Experiment settings:

  • Standalone spark with one master node and two worker nodes in the same Ubuntu server.
  • Master node: 8 cores, 16 GB memory
  • Worker node: 8 cores, 1GB

Step 1: For each method, restart spark and submit the spark job using following command:

spark-submit --master spark://192.168.0.2:7077 optimize.py

Step 2: Get the duration of completed job at Spark webui (localhost:8080)

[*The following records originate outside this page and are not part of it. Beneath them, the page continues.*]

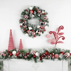 Frosted Pine Artificial Christmas Wreath With Swirled Candy Ornaments, 24-Inch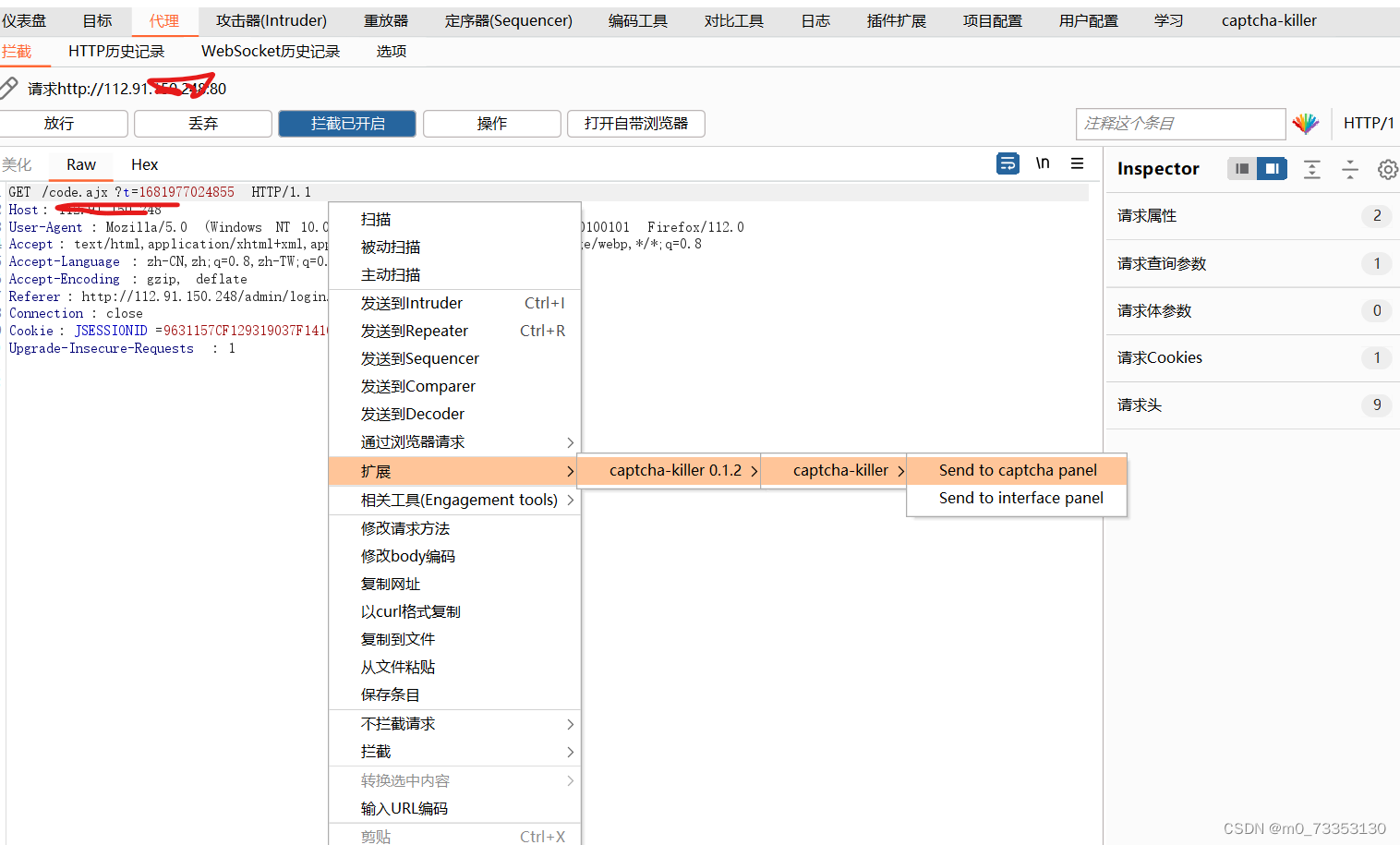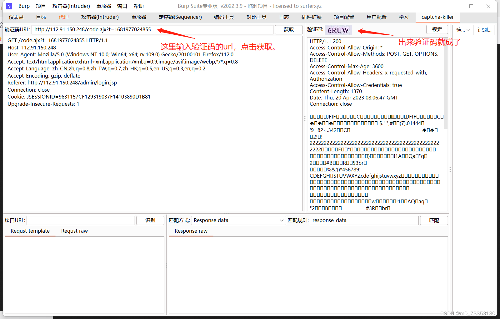 访问验证码的链接地址,抓验证码的请求包,并发送到插件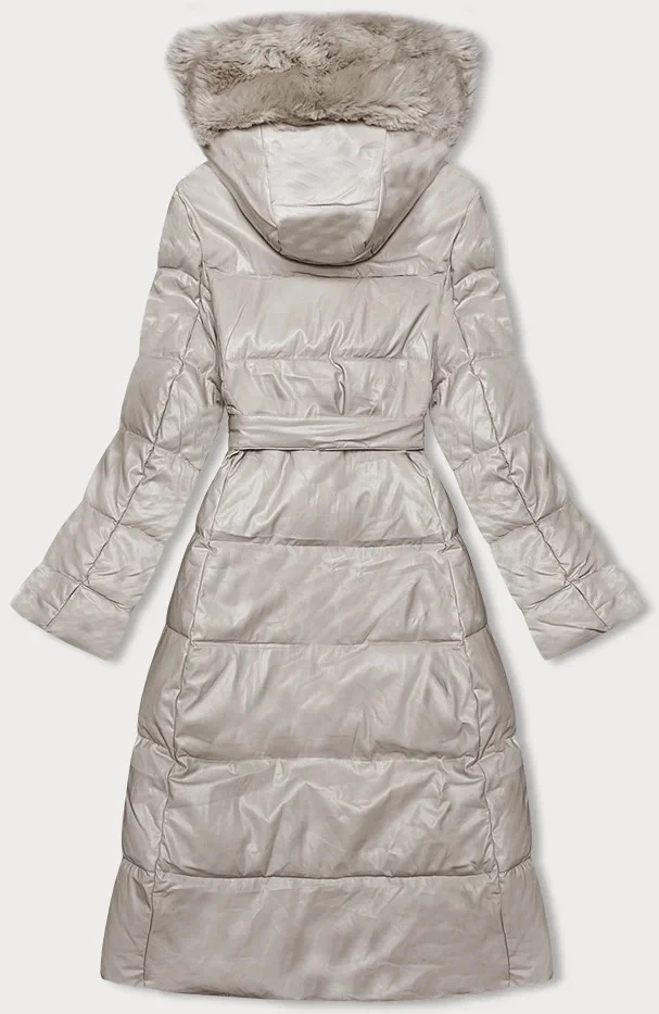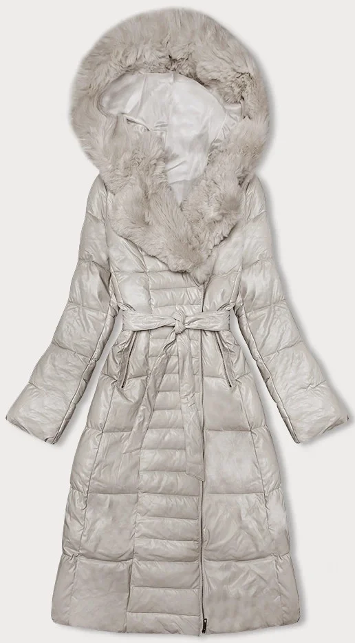 Péřový kabát z eko kůže v barvě ecru s kožešinou Ann Gissy (AG9-9003)

Step 3: Repeat step 1 and 2 N times (N = 5) in this experiment

Step 4: Collect the results and compute the average runtime

The final results:

Method Duration (s)
Original query 9
Changing join order 9
Using broadcast 9
Using cache 4.5
Cache + broadcast 5.4

Tuning using --num-executors, --executor-cores

We run experiemnents with different settings of --num-executors and --executor-cores to understand how those values affect to the performance

--num-executors --executor-cores Elapse time (s)
1 1 12
2 1 12
4 1 12
8 1 12
1 2 8
2 2 7
4 2 8
8 2 7
1 4 6
2 4 5
4 4 5
8 4 5
1 8 4
2 8 5
4 8 5
8 8 4

Analysis

  • Changing join order would not improve the performance in this case. The reason is the sizes of two tables are similar.
  • Broadcast give zero improvement. The reason is we use standalone server with only two worker nodes and the dataset is not large enough to make the broadcast works effectively.
  • Caching dataframe improve the performance neraly two times. The reason is cach work best for small dataset and standalone server where master and worker nodes locate in the same physical machine.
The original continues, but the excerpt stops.